A Life At Stake appears in an aspect ratio of approximately 1.37:1 on this Blu-ray Disc. Though the film came with some appealing elements, various problems occurred along the way.
Sharpness usually worked well. Only a little softness crept into the presentation, so it usually looked pretty accurate.
No issues with jagged edges or moiré effects occurred, and I saw no edge haloes. Grain seemed natural, so I didn’t suspect concerns with noise reduction.
Blacks appeared deep and dense, while shadows looked smooth. The image gave off a nice silvery sheen to match the black and white photography.
Stake lost points due to a mix of odd anomalies. Print flaws weren’t a major problem, as I noticed only occasional small marks.
However, the movie suffered from a weird pulsing/warping that occurred through much of the flick. This remained mild enough that it didn’t become a huge distraction, but it added a strange impression to the proceedings.
Also, footage sometimes seemed to go missing. The movie started abruptly and seemed to cut off the score mid-note.

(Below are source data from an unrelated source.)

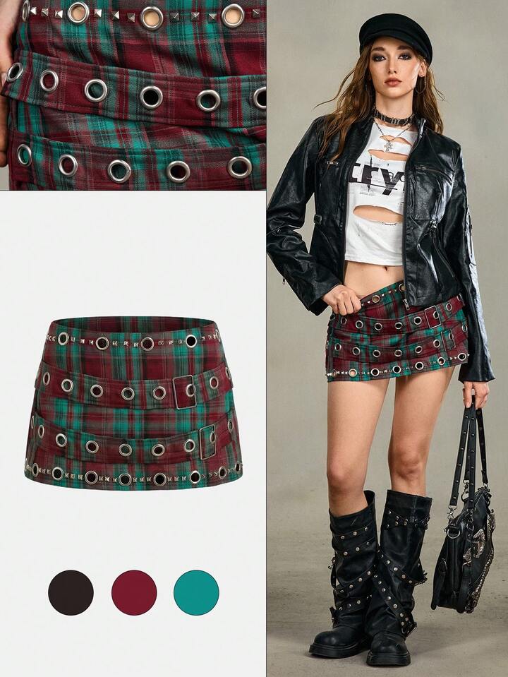 EDITION Ultra Low Waist Retro Sexy Mini Bodycon Plaid Skirt
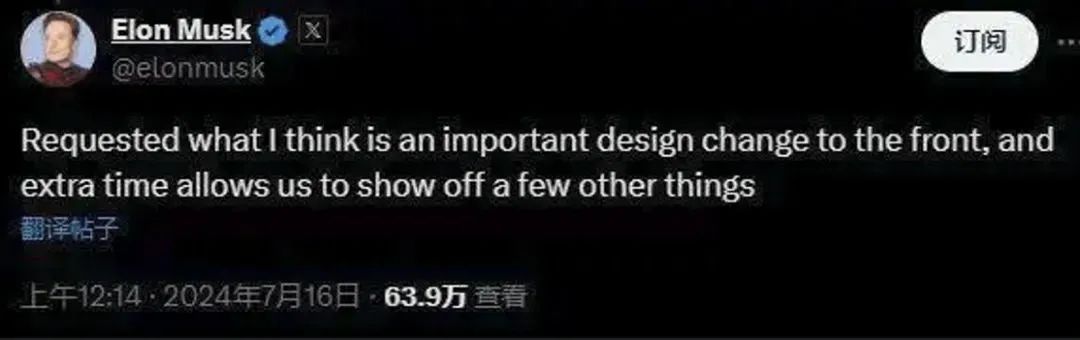 本周,马斯克则亲自下场实锤,“特斯拉要花更多的时间,对车辆进行一些设计更改。”不过,十分微妙的是,其并没有给出新的发布节点。
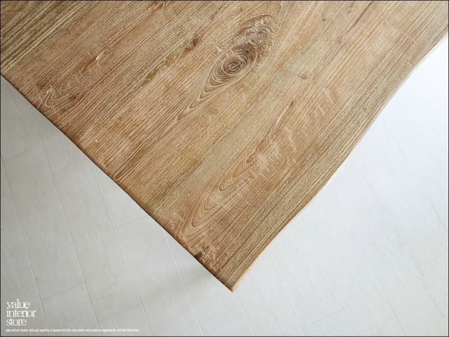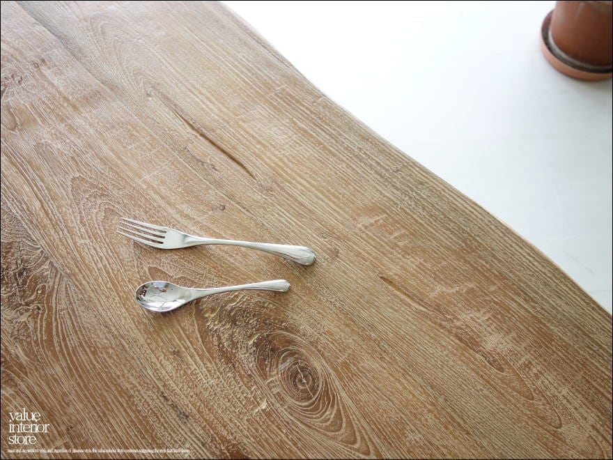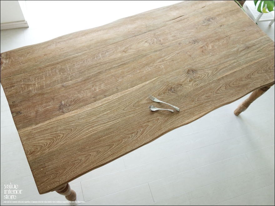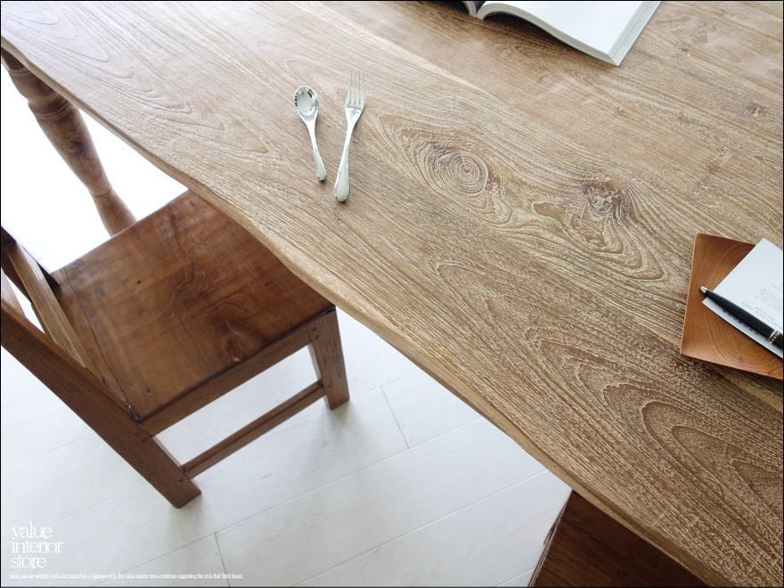 フシや凹凸などの変化に富んだ素材の味わい深さが感じられる、オールドチーク総無垢材のダイニングテーブル。天板を支えるフレーム部分にもしっかりと厚みがあり重厚感があります。
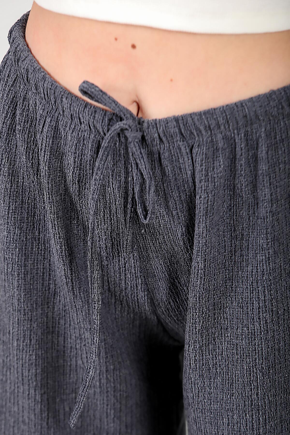 Kadın Bağcıklı Bol Paça Pantolon Lacivert
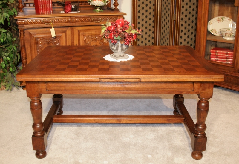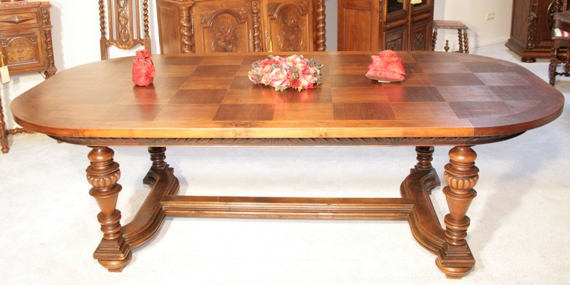 Herrschaftlicher Speisetisch mit Parketteinlage in Eiche Herrschaftlicher Speisetisch mit Parketteinlage in Eiche, reich geschnitzt Breite 1,20 m Höhe 77 cm Länge 1,40 m ausgezogen 2,60 m 0.00 € |
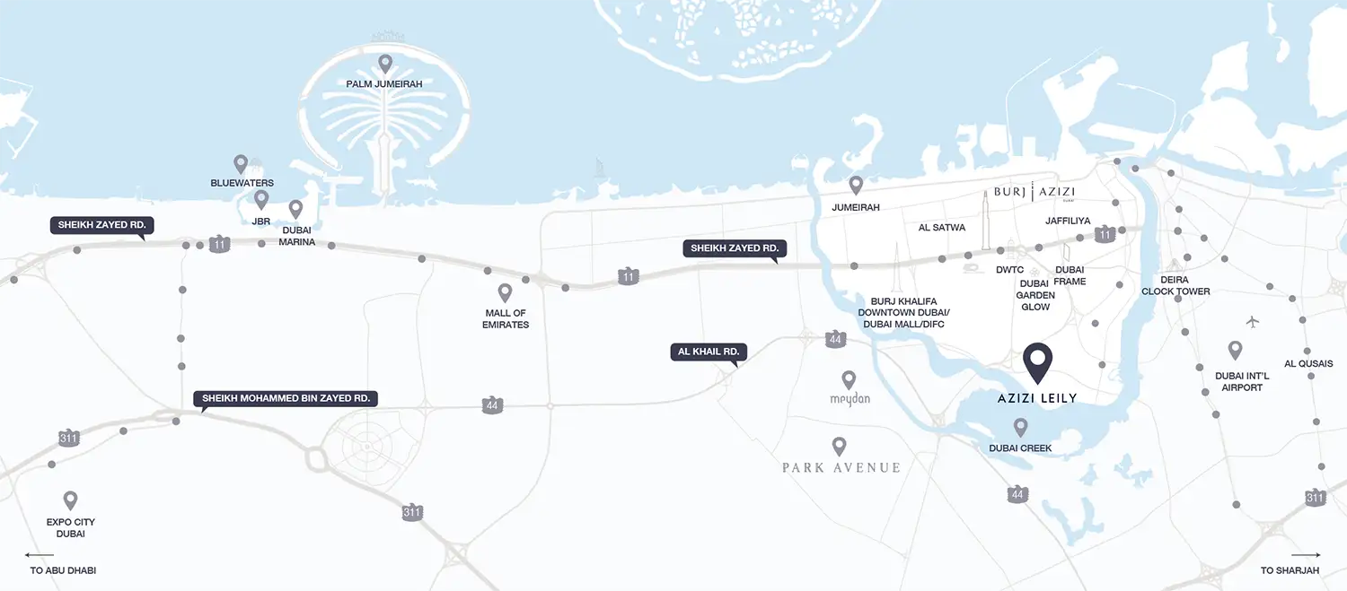 - Seamless access to Sheikh Zayed Road, Al Khail Road, and Creek Metro Station, connecting residents effortlessly to every part of Dubai.
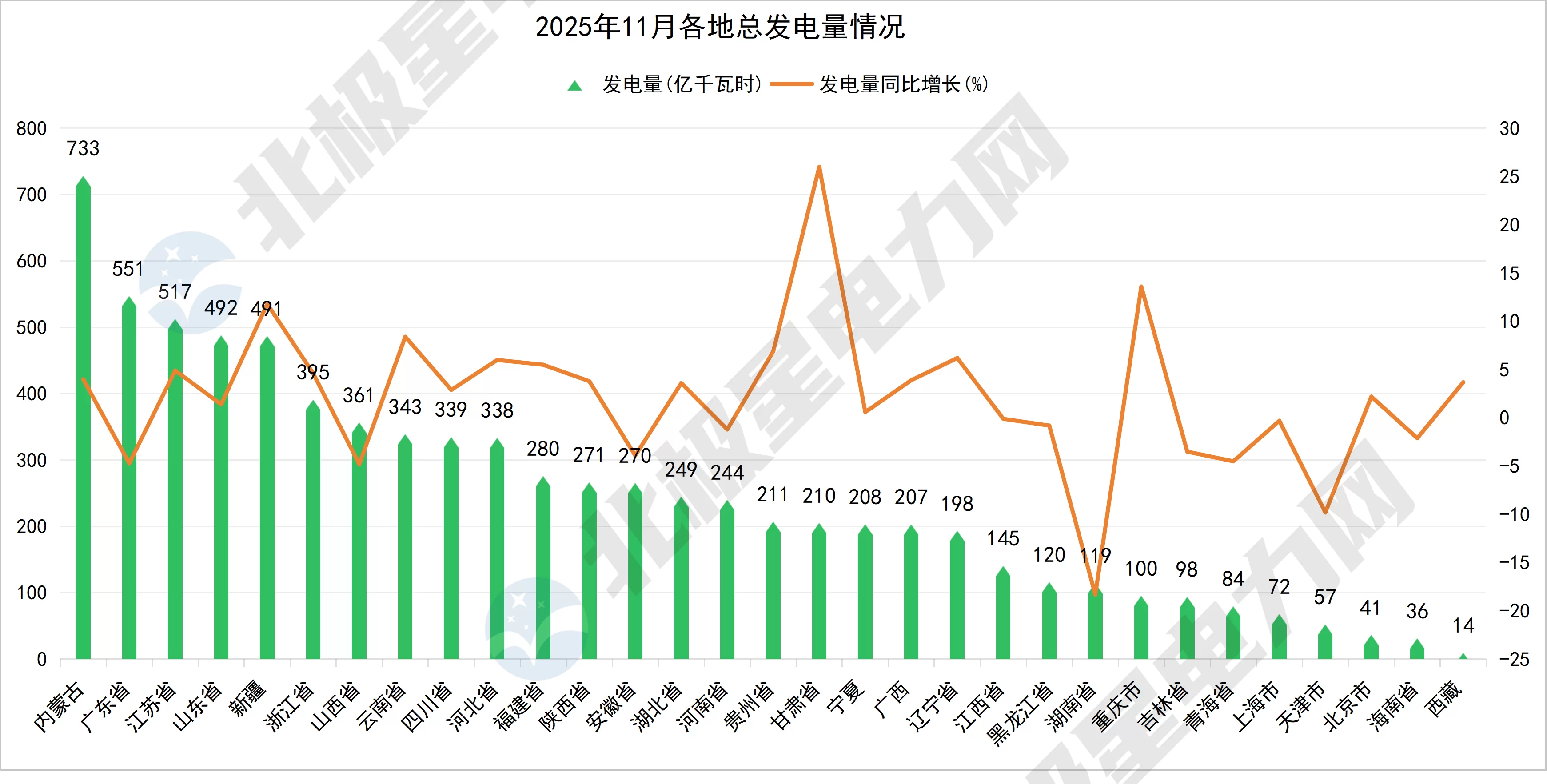 2025年11月,规上总发电量排在前五的是:内蒙古732.5亿千瓦时、广东省551.2亿千瓦时、江苏省516.9亿千瓦时、山东省492.2亿千瓦时、新疆491.1亿千瓦时。

In addition, I saw a frame jump at 9:50, and the score cuts out suddenly at 22:10, a skip that left the impression a shot went absent. A lot of the film offered nice visuals, but these strange issues prompted me to give it a “C”.
The movie’s DTS-HD MA monaural soundtrack also came with flaws and inconsistencies. Dialogue remained intelligible, though the lines could be metallic and sibilant at times.
Music sounded somewhat screechy, though it could also appear a little dull on occasions. Effects failed to bring much oomph, but they seemed reasonably accurate given the movie’s vintage.
Background noise didn’t become a persistent factor, but I heard occasional pops. Even for its era, this felt like a subpar soundtrack.
A few extras appear, and we find an audio commentary from film scholar Jason A. Ney. He offers a running, screen-specific look at story/characters and noir domains, cast and crew, some production notes and other reflections on film in this one's era.
If you want a lot of specifics about Stake itself, you won't get a ton of insights from Ney. Perhaps because Stake exists as such an obscure "forgotten" film, he doesn't tell us a whole lot about the shoot itself.
Nonetheless, Ney makes this an engaging track, as he gives us good thoughts about the film in other ways, with an emphasis on genre areas and other information. We get a pretty likable chat.
Hollywood Hitch-Hikers runs 10 minutes, 59 seconds and offers remarks from author/film historian C. Courtney Joyner. He covers the production company behind Stake, with an emphasis on producer Ida Lupino. It becomes an interesting piece.
Finally, the package includes a booklet with photos and an essay from Ney. It provides a nice bonus.
As film noirs go, A Life At Stake seems neither outstanding nor terrible. Wholly mediocre, it creates a watchable 76-minute thriller and not much more. The Blu-ray brings erratic picture and audio along with a few supplements. Even with an ill-cast Angela Lansbury, this doesn’t turn into an especially engaging experience.